How are you handling the OM?
Experience is a brutal teacher, but you learn. My God, do you learn. - C.S. Lewis
Life is usually all about how you handle Plan B. - Jack3Beans
Listen without defending; Speak without offending - FaithinAK
Im currently reading divorce remedy. My kids are 17 my son from previous marriage. My daughter is 8 and my other son is 2. Im 38 and my wife is turning 33 in a few weeks. Well to tell you the truth, at first i was floored if you reread my post of how I found out about him. And now I just think he is in this for one thing (SEX), or maybe he is married also. I will find out sooner or later, but I already believe that they have been physical because the messages I see that she sends him. She almost acts like she is throwing herslef at him. I mean telling him thanks for calling her back, and this and that. She doesnt talk like that, and that is not her personality.
Listen to Jack, Confused. He is one of the success stories but more than that, he is very wise and very caring. He wont pull punches when they need to be thrown.
And God hears all prayers. That fact is repeated throughout scripture. And it is also said that it is in His time. He may need to see changes in you first in order to handle things that may come your way. God is more concerned with a R with you than anything else.
Me:56, W:51 D:26,S:24,S:22 Married:18 Bomb 9/27/06 Separated 11/27/06 Divorced 10/6/08 Leaving it up to God
I know about Retrouvaille. First off, it originated in the Catholic Faith but it really doesn't matter what religion you are or if you are super religious. What it also isn't is a money maker. They are so interested in helping couples that if you don't have the money they will pay your expenses right down to the hotel room. The other thing that is amazing is that the success rate is very high. Of course you have to consider the fact that both parties have to agree to not only go for the intilial weekend but you also agree to follow-up weekends as part of the deal. In my case they sent out paperwork for us both to fill out but they also want to speak with the WA to make sure that they agree to the conditions and that they are attending for the right reasons.

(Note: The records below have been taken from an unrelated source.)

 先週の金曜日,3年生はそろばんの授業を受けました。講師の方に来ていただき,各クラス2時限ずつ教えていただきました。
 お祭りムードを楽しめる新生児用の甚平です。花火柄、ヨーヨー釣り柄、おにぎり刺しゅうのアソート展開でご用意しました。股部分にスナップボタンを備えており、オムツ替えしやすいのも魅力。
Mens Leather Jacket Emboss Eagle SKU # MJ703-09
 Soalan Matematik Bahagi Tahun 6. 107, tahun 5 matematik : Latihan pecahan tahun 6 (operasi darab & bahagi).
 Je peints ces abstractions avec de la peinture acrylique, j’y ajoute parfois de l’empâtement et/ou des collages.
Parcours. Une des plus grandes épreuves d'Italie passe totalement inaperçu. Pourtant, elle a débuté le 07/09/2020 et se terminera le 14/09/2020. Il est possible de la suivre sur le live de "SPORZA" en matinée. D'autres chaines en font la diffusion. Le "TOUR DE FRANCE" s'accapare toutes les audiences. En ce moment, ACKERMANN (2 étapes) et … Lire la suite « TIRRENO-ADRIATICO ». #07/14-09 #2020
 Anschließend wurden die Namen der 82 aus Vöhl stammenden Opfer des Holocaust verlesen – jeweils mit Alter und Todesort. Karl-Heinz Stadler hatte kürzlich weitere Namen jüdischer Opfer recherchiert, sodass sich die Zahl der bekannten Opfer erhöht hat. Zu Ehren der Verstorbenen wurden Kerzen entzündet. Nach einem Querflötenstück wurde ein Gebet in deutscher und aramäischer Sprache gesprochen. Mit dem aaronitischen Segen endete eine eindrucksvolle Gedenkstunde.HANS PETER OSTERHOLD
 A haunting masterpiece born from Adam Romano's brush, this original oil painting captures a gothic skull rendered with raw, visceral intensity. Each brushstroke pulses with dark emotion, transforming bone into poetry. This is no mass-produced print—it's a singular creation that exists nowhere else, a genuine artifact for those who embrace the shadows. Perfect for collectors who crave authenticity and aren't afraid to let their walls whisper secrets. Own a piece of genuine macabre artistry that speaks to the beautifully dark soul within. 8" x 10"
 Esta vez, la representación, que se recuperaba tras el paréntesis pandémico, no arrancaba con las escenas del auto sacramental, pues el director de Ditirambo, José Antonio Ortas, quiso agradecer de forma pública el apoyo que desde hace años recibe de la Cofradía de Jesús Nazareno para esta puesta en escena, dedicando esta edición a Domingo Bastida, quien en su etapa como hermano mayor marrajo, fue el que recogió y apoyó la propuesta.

I had originally been in touch with the leader of a group in the St Louis area. She had been a WA and had gone to these sessions but originally never thought that there was much to save. She told me that it completely changed how she not only related to her husband but how she viewed her marriage and herself. Her belief in it was so great that she had been leading these retreats with her husband for the last 10 years.
So if you can get your wife to agree to all of the above, it's certainly worth a shot!

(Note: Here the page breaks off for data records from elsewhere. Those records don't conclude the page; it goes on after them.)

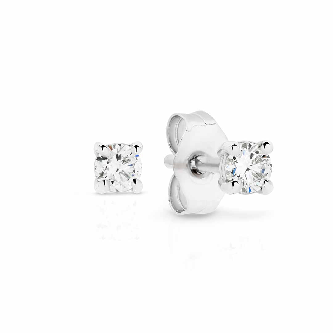 9ct White Gold 4 Claw Diamond Set Studs Total Diamond Weight=0.20ct, Colour G/H Clarity I1
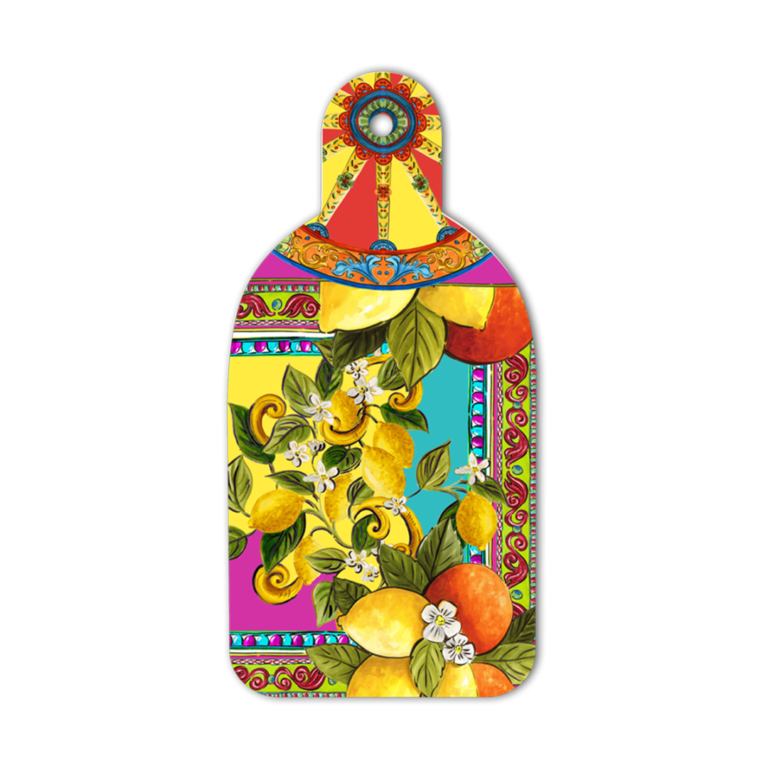Descrição: Tábua média retangular em melamina com estampa vibrante de limões e arabescos coloridos. Ideal para servir queijos, frios, pães ou até como base decorativa, trazendo charme e estilo para a mesa.
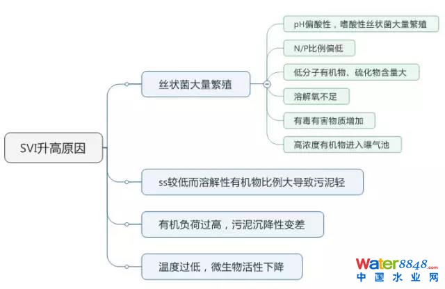 SVI值與污泥負(fù)荷有關(guān),污泥負(fù)荷過(guò)高或過(guò)低,活性污泥的代謝性能都會(huì)變差,SVI值也會(huì)變很高,存在出現(xiàn)污泥膨脹的可能。
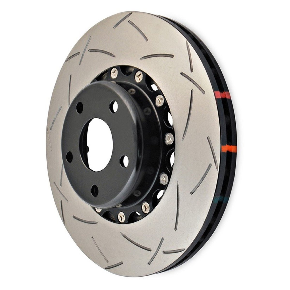 DBA5010BLKS – 5000 Series T3 Brake Rotor; Front Level up your driving experience with DBA’s 5000 Series T3 Brake Rotors, featuring the revolutionary T3 bi-slotted design. Unleashing all the cutting-edge performance technology that DBA has to offer, these two-piece direct replacement brake rotors boast CBN machine-turned finishes and are crafted from high carbon alloys. With DBA’s Kangaroo Paw ventilation system, enjoy a remarkable 30% increase in surface area and a 20% improvement in cooling efficiency compared to conventional straight vane designs. What sets these rotors apart is the T3 bi-slotted design, ensuring a smoother, more responsive, and notably silent braking experience. Not stopping there, these brake rotors come equipped with Thermographic heat paint markings, transitioning in color at specific temperature thresholds. This provides a valuable visual cue for monitoring braking temperatures and assessing rotor fatigue, adding an extra layer of precision to your braking system. The incorporation of aerospace-grade aluminum hats isn’t just about style; it reduces unsprung weight and facilitates uniform radial disc expansion within the cast iron rings. Moreover, it acts as a heat barrier, mitigating heat transfer from the disc to the hub through the aluminum hats. DBA’s commitment to optimal performance is evident in the meticulous use of top-tier materials. High carbon cast iron rings are seamlessly integrated with Aluma-lite center hats/bells, securely fastened together using National Aerospace Standards (NAS) bolts and crimp nuts. Choose from complete assemblies for initial replacements (hats and friction rings bolted together) or opt for replacement hats and flat disc rotors. This flexibility allows drivers to reuse their DBA 5000 Series hats with DBA replacement rings, ensuring both convenience and cost-effectiveness. For drivers seeking the ultimate brake rotor upgrade on their high-performance cars, the 5000 T3 Series rotors stand as the go-to choice.

I suggest you make a plan, FOLLOW IT, monitor results. If it works, keep on doing it, if it doesnt, STOP. DO SOMETHING DIFFERENT. I wouldn't use the shot gun approach...that keeps you reactive.
If you're reading Divorce Remedy, jump to the chapter on Infidelity, then the Last Resort Technique. Not all of it will apply, but some of it will.
One thought....if she's chasing this guy, it is probably going to go sour at some point. He may well break her heart. How you handle that will be very important.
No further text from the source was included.